If $X$ is $n\times p$ and $Y$ is $n\times q$, then one can formulate the CCA optimization problem for the first canonical pair as follows:
$$\text{Maximize }\operatorname{corr}(Xa, Yb).$$
The value of the correlation does not depend on the lengths of $a$ and $b$, so they can be arbitrarily fixed. It is convenient to fix them such that the projections have unit variances:
$$\text{Maximize }\operatorname{corr}(Xa, Yb) \text{ subject to } a^\top \Sigma_X a=1 \text{ and } b^\top \Sigma_Yb=1,$$
because then the correlation equals the covariance:
$$\text{Maximize } a^\top \Sigma_{XY}b \text{ subject to } a^\top \Sigma_X a=1 \text{ and } b^\top \Sigma_Yb=1,$$
where $\Sigma_{XY}$ is the cross-covariance matrix given by $X^\top Y/n$.
We can now generalize it to more than one dimension as follows:
$$\text{Maximize }\operatorname{tr}(A^\top \Sigma_{XY}B) \text{ subject to } A^\top \Sigma_X A=I \text{ and } B^\top \Sigma_Y B=I,$$
where the trace forms precisely the sum over successive canonical correlation coefficients, as you hypothesized in your question. You only had the constraints on $A$ and $B$ wrong.
The standard way to solve CCA problem is to define substitutions $\tilde A = \Sigma_X^{1/2} A$ and $\tilde B = \Sigma_Y^{1/2} B$ (conceptually this is equivalent to wightening both $X$ and $Y$), obtaining
$$\text{Maximize }\operatorname{tr}(\tilde A^\top \Sigma_X^{-1/2} \Sigma_{XY}\Sigma_Y^{-1/2} \tilde B) \text{ subject to } \tilde A^\top \tilde A=I \text{ and } \tilde B^\top \tilde B=I.$$
This is now easy to solve because of the orthogonality constraints; the solution is given by left and right singular vectors of $\Sigma_X^{-1/2} \Sigma_{XY}\Sigma_Y^{-1/2}$ (that can then easily be back-transformed to $A$ and $B$ without tildes).

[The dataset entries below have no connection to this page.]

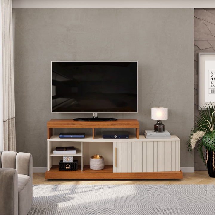 Sobre este producto: Scala Rack es una excelente opción para agregar belleza a su hogar. Con una elegante estética curva y una encantadora puerta con cuentas, este estante está en línea con lo último en diseño, Ideal para ambientes compactos o medianos, este estante puede ser la estrella de tu salón. Para obtener el mejor entretenimiento posible, este producto fue desarrollado para soportar televisores de hasta 49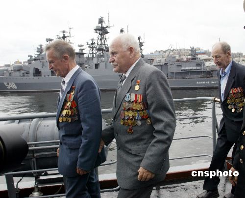 十八日傍晚,被邀參加“和平使命—2005”中俄聯合軍事演習開始儀式的中國和俄羅斯老戰士代表,興致勃勃地參觀太平洋艦隊基地艦艇。作者:王麗南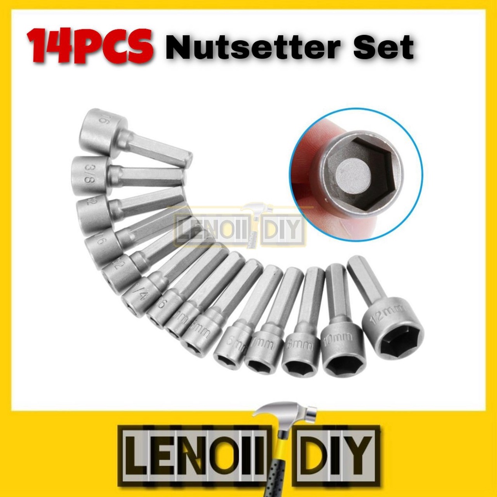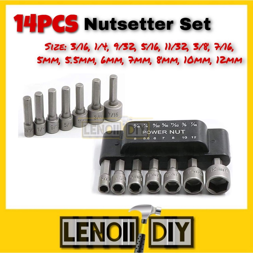 14PCS Nutsetter Set Power Nut Driver Metric & SAE Set Professional Tools Bit Extensions Bits Drivers Mata Drill Skru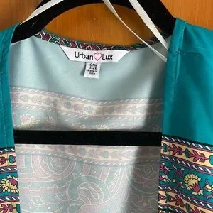 Silky lounge robe. Could be worn over swimsuit too. Multicolour paisley print.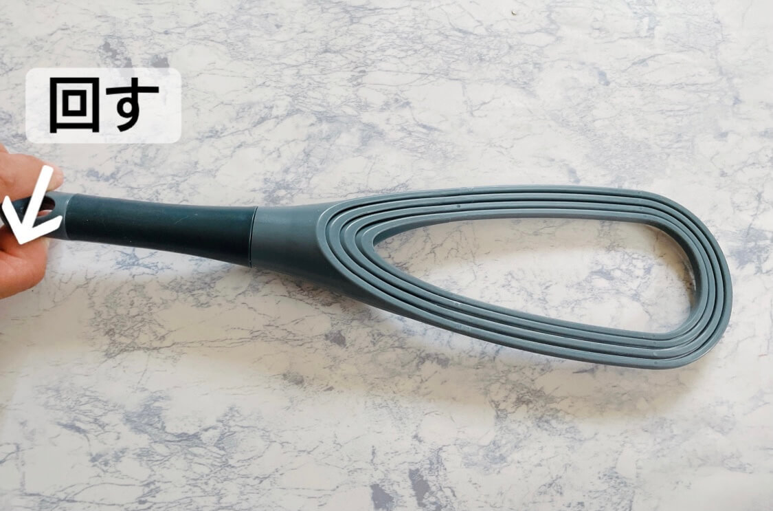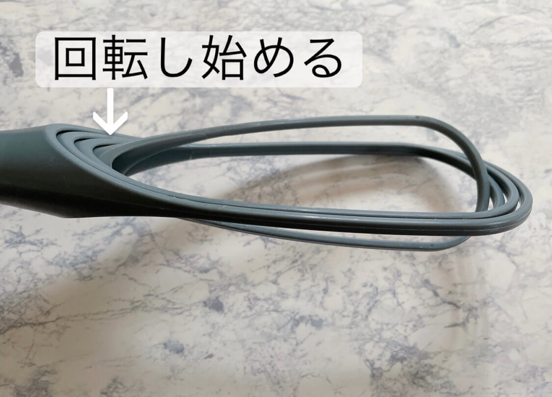 泡立て器というのにこの不思議な形。実はこの形、回すだけで泡立て器にトランスフォームするんです。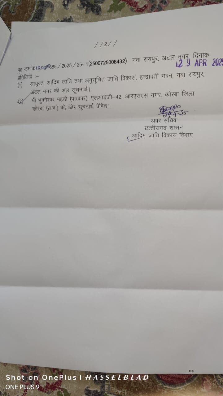पिछले डेढ़ साल से इनके भ्रष्टाचार को लेकर मुखरता से प्रदेश के मुखिया मुख्यमंत्री से लेकर ,मुख्य सचिव , प्रमुख सचिव,विभागीय सचिव ,कमिश्नर तक को पत्र व्यवहार किया गया । जिनके यहाँ से प्रकरण के संदर्भ में जांच के आदेश तो जरूर जारी हुए पर आज पर्यंत जांच ही पूरी नहीं हुई। हाल ही में 18 मार्च को अंतिम बार प्रमुख सचिव आदिम जाति तथा अनुसचित जाति विकास विभाग के यहाँ प्रेषित पत्र के तारतम्य में अवर सचिव आदिम जाति विकास विभाग द्वारा 3 अप्रैल को पत्र जारी कर एक सप्ताह के भीतर उल्लेखित तथ्यों की जांच कर प्रतिवेदन अभिमत सहित मांगा गया था। जिसमें हमेशा की तरह कलेक्टर कार्यालय के प्रश्रय की वजह से जांच ही शुरू नहीं हुई थी। इस बीच सहायक आयुक्त के पद पर पदस्थ कल्याण सिंह मसराम 30 अप्रैल 2025 को सेवानिवृत्त हो गए।हालांकि 5 साल के 18 करोड़ के विभागीय कार्यों में फर्जी टेंडर ,फर्जी विज्ञापन प्रकाशन लगा शासन से दगाबाजी करने वाले मामलों में श्री मसराम भी 26 अगस्त से पूर्व सहायक आयुक्त आनंद जी,बाबू कोड़ोपी के साथ जेल की हवा खा रहे।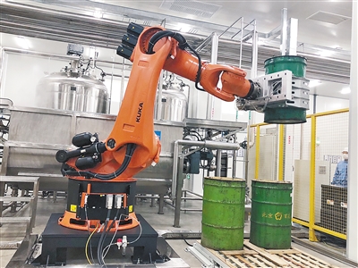 走進(jìn)廊坊百花蜂產(chǎn)品有限公司生產(chǎn)車間,只見一臺(tái)“投料機(jī)器人”伸出長(zhǎng)臂,攤開“手掌”,靈活地把蜂蜜桶抬向空中,再把桶翻個(gè)個(gè)兒,將桶內(nèi)的蜂蜜精準(zhǔn)投放至原料槽內(nèi),隨后把倒完蜂蜜的桶放回空桶區(qū),全流程一氣呵成。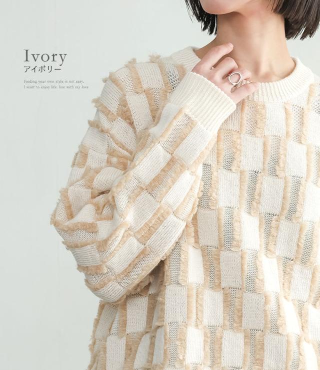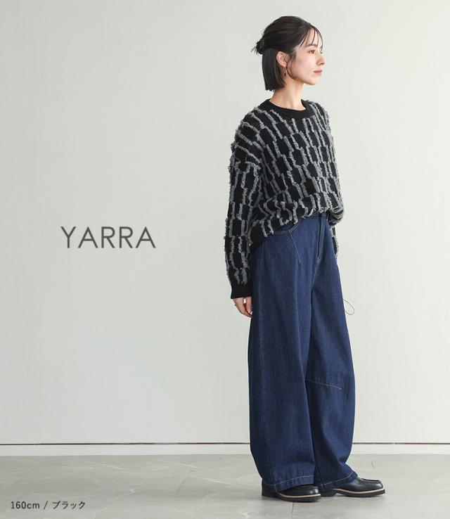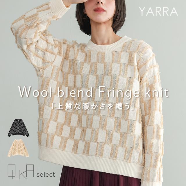 <冬新作>【送料無料】【メール便不可】【20】ニット レディース トップス セーター 長袖 春 秋 冬 クルーネック フリンジ ウール 配色 バイカラー 透かし編み ショート丈 リブ あったか YARRA ヤラ OUKA オウカ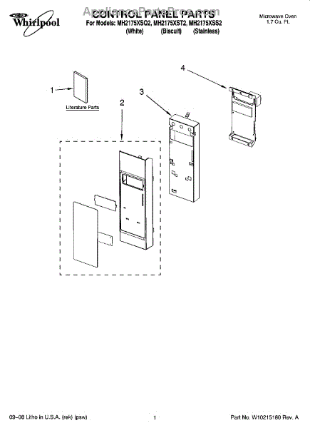 Parts for Whirlpool MH2175XSQ2: 01 - Control Panel Parts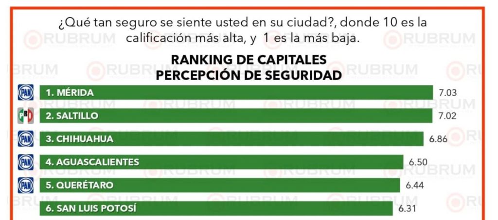 Finalmente, en lo que respecta a la percepción ciudadana de seguridad, la capital potosina quedó en sexto Lugar, mientras que los primeros lugares fueron para Mérida, Saltillo, Chihuahua, Aguascalientes, y Querétaro, en este orden.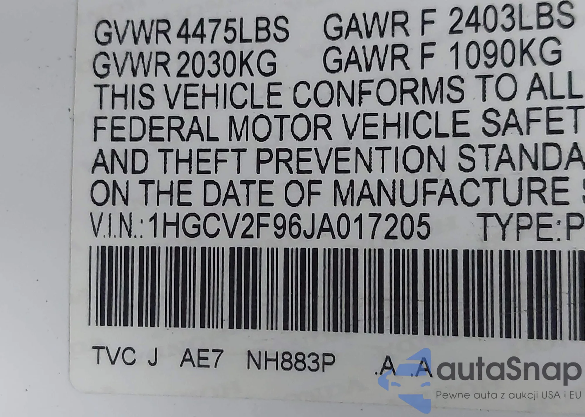 • VIN 1HGCV2F96JA017205
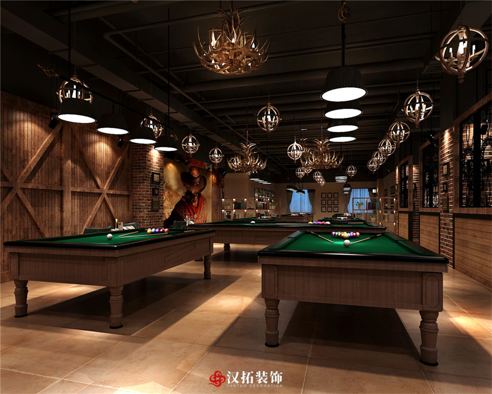 設(shè)計(jì)說(shuō)明:整個(gè)空間分為臺(tái)球區(qū),網(wǎng)咖區(qū),休閑區(qū),展現(xiàn)出深邃的文化氣息。色彩上以褐色為主,運(yùn)用的都是淡雅、柔和、協(xié)調(diào)的色調(diào),散發(fā)出古樸、懷舊的氣息。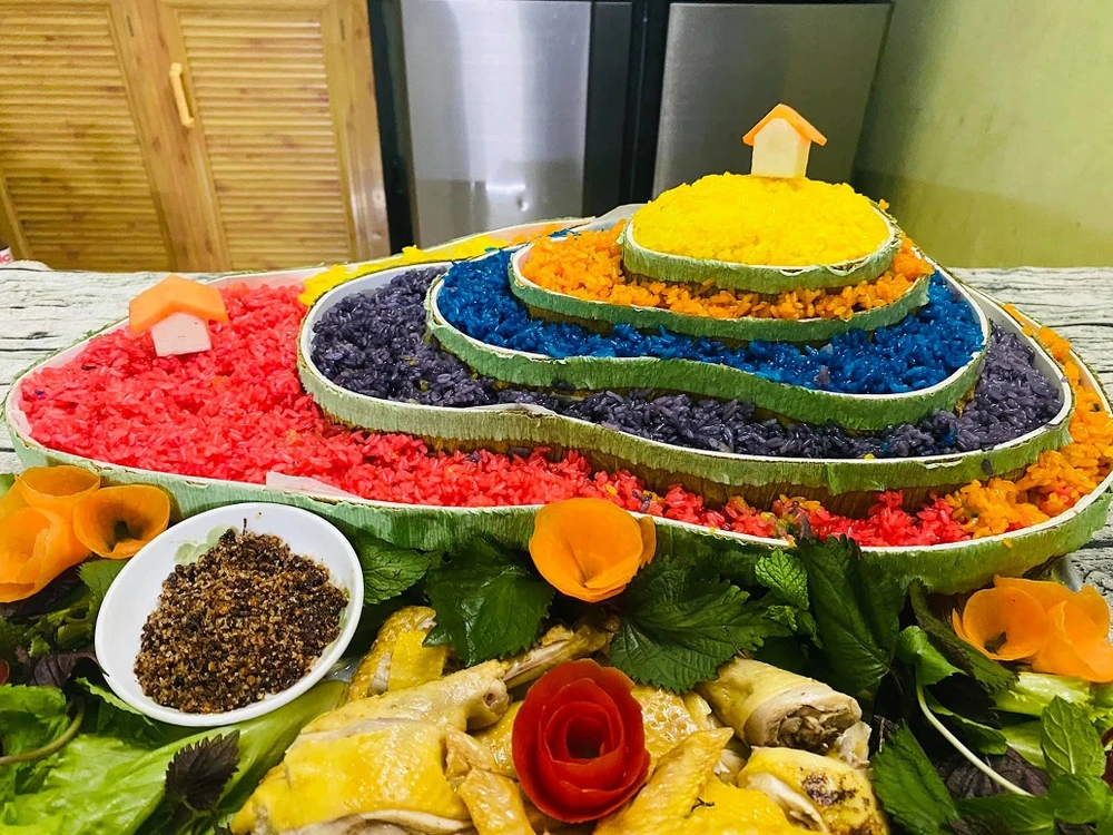 Chị Oanh mất hơn 1 tiếng để làm xong mâm xôi, không tính thời gian làm khuôn, ngâm gạo và gà đã được làm sạch trước đó. Chị làm song song hai món đồ xôi và hấp gà nên tiết kiệm được thời gian. Tranh thủ lúc hấp xôi và gà, chị chuẩn bị đồ trang trí như tỉa hoa, ngôi nhà. Hoa được làm từ quả mận Hà Nội, nhà được làm từ cà rốt và củ cải. Khi trang trí, chị Oanh đã hình dung ra khung cảnh của từng địa điểm tại Tây Bắc rồi đặt từng chi tiết vào mâm xôi.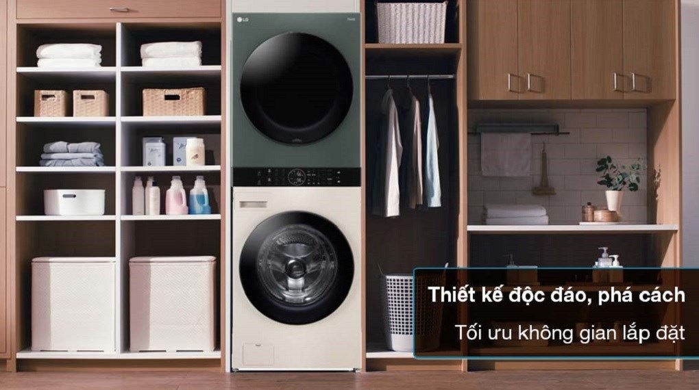 - Tháp giặt sấy LG Inverter giặt 25 kg - sấy 17 kg WT2517NHEG có kiểu dáng lồng giặt ngang với máy giặt nằm ở phía dưới và máy sấy nằm ở phía trên, nhờ đó tối ưu không gian lắp đặt cho gia đình bạn. Ngoài ra, vỏ máy còn được làm bằng kim loại sơn tĩnh điện bền bỉ, sở hữu màu xanh và màu be bắt mắt, tạo nên điểm nhấn cho không gian sống nhà bạn.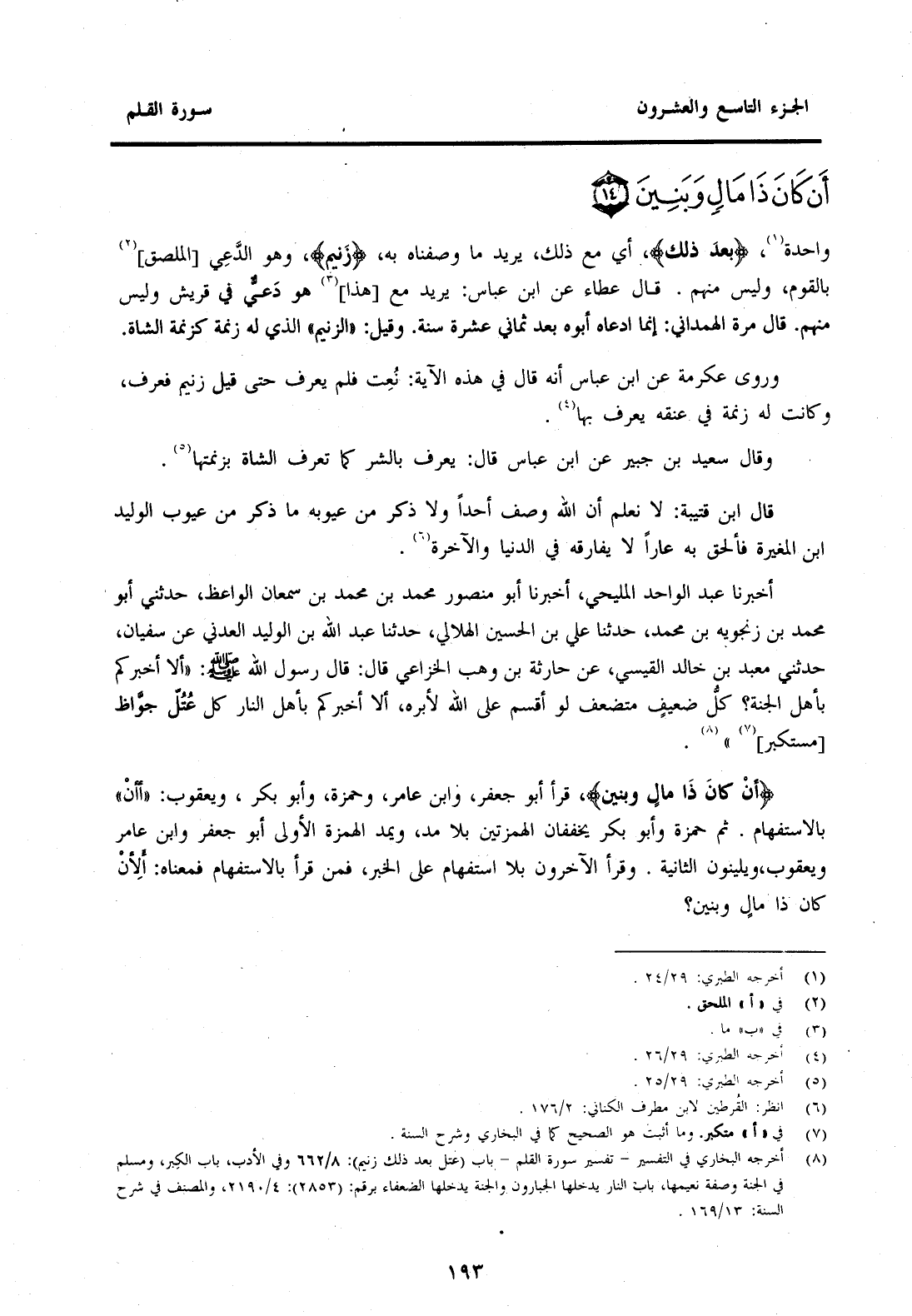 {أَنْ كَانَ ذَا مَالٍ وَبَنِينَ} قَرَأَ أَبُو جَعْفَرٍ وَابْنُ عَامِرٍ وَحَمْزَةُ وَأَبُو بَكْرٍ وَيَعْقُوبُ: "أَإِنْ" بِالِاسْتِفْهَامِ. ثُمَّ حَمْزَةُ وَأَبُو بَكْرٍ يُخَفِّفَانِ الْهَمْزَتَيْنِ بِلَا مَدٍّ وَيَمُدُّ الْهَمْزَةَ الْأُولَى أَبُو جَعْفَرٍ وَابْنُ عَامِرٍ وَيَعْقُوبُ وَيُلَيْنُونَ الثَّانِيَةَ. وَقَرَأَ الْآخَرُونَ بِلَا اسْتِفْهَامٍ عَلَى الْخَبَرِ، فَمَنْ قَرَأَ بِالِاسْتِفْهَامِ فَمَعْنَاهُ: أَلَإِنْ كَانَ ذَا مَالٍ وَبَنِينَ؟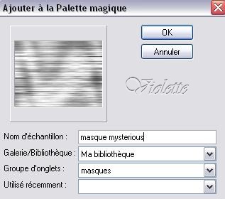 3 - Ouvrir votre masque "Maskerles2" Ajuster/Convertir le type de données/Niveaux de gris Fermer l'original 4 - Sélection/Importer une sélection sélection/Ajouter à la palette Magique/Ma Bibliothèque/Dossier masques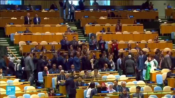 به گزارش پایگاه خبری تحلیلی «ندای تفرش»؛ به نقل از گروه بین‌الملل خبرگزاری فارس؛ پایگاه خبری «عربی۲۱» شامگاه جمعه گزارش داد عصر روز گذشته هنگام ورود نتانیاهو برای ایراد سخنرانی در هشتادمین نشست مجمع عمومی سازمان ملل، شمار زیادی از هیأت‌های کشورهای عضو سالن اصلی را ترک کردند.رسانه‌های عبری این اقدام را «سونامی خروج» توصیف کردند. با این حال تنها ۴۸ کشور در سالن باقی ماندند که نام برخی از آن‌ها در تصاویر رسمی سازمان ملل مشخص شد.در این میان، سه کشور عربی امارات، بحرین و موریتانی برخلاف بسیاری دیگر از دولت‌ها سالن را ترک نکردند. تصاویر منتشرشده از سوی سازمان ملل نشان می‌دهد که بخش بزرگی از صندلی‌ها در برابر جایگاه سخنرانی خالی مانده بود، در حالی که نمایندگان این سه کشور همچنان بر صندلی‌های خود نشسته بودند.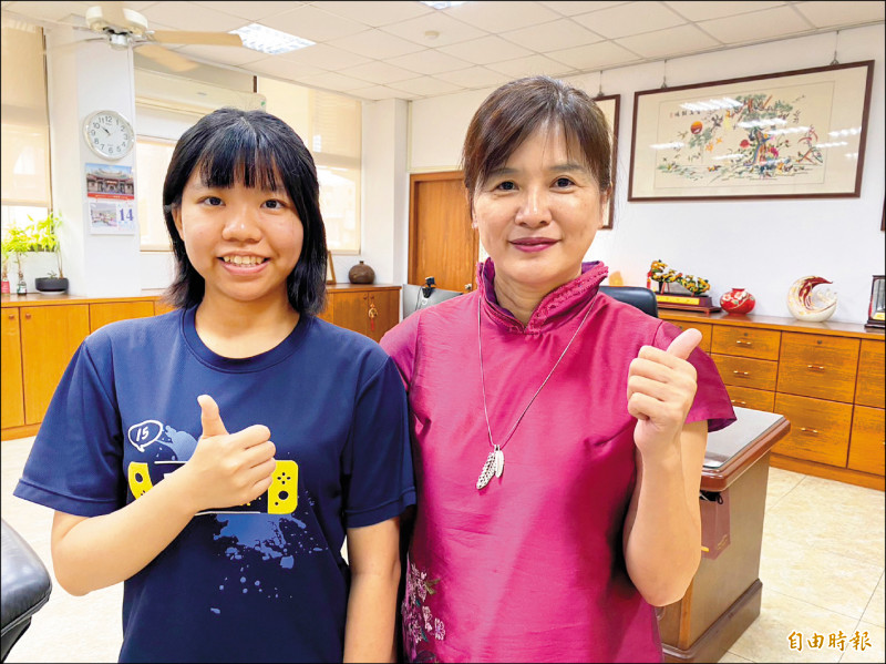 彰女考生林芫宣考上中山醫學大學醫學系(左),校長陳香妘(右)誇讚讀書態度值得學妹們學習效尤。(記者張聰秋攝)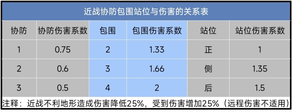 近战伤害受站位、地形、协防和包围影响,详情请看:输出公式(站位对输出的影响)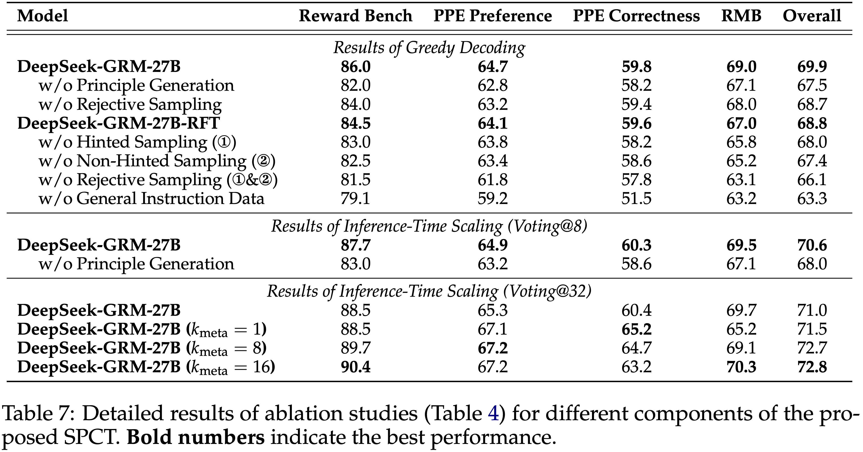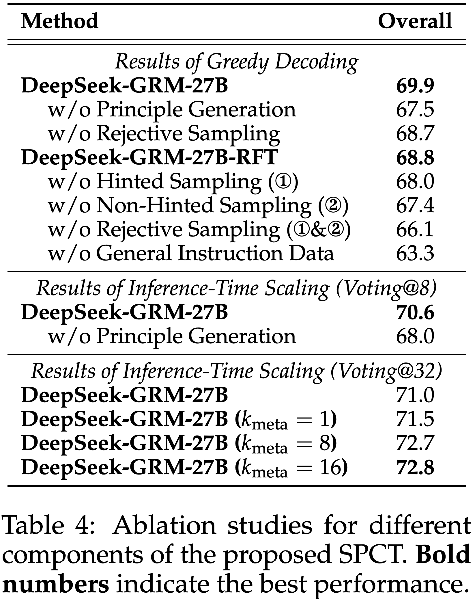 - 通过并行采样,DeepSeek-GRM 可以生成不同的 Principle 集和相应的 Critique ,然后投票决定最终奖励

Relationship to reduced-rank regression
CCA can be formulated as a reduced-rank regression problem. Namely, $A$ and $B$ corresponding to the first $k$ canonical pairs minimize the following cost function:
$$\Big\|(Y-XAB^\top)\Sigma_Y^{-1/2}\Big\|^2 =
\Big\|Y\Sigma_Y^{-1/2}-XAB^\top\Sigma_Y^{-1/2}\Big\|^2.$$
See e.g. Torre, 2009, Least Squares Framework for Component Analysis, page 6 (but the text is quite dense and might be a bit hard to follow). This is called reduced-rank regression because the matrix of regression coefficients $AB^\top\Sigma_Y^{-1/2}$ is of low rank $k$.
In contrast, standard OLS regression minimizes
$$\|Y-XV\|^2$$
without any rank constraint on $V$. The solution $V_\mathrm{OLS}$ will generally be full rank, i.e. rank $\min(p,q)$.
Even in the $k=p=q$ situation there still remains one crucial difference: for CCA one needs to whiten dependent variables $Y$ by replacing it with $Y\Sigma_Y^{-1/2}$. This is because regression tries to explain as much variance in $Y$ as possible, whereas CCA does not care about the variance at all, it only cares about correlation. If $Y$ is whitened, then its variance in all directions is the same, and the regression loss function starts maximizing the correlation.
(I think there is no way to obtain $A$ and $B$ from $V_\mathrm{OLS}$.)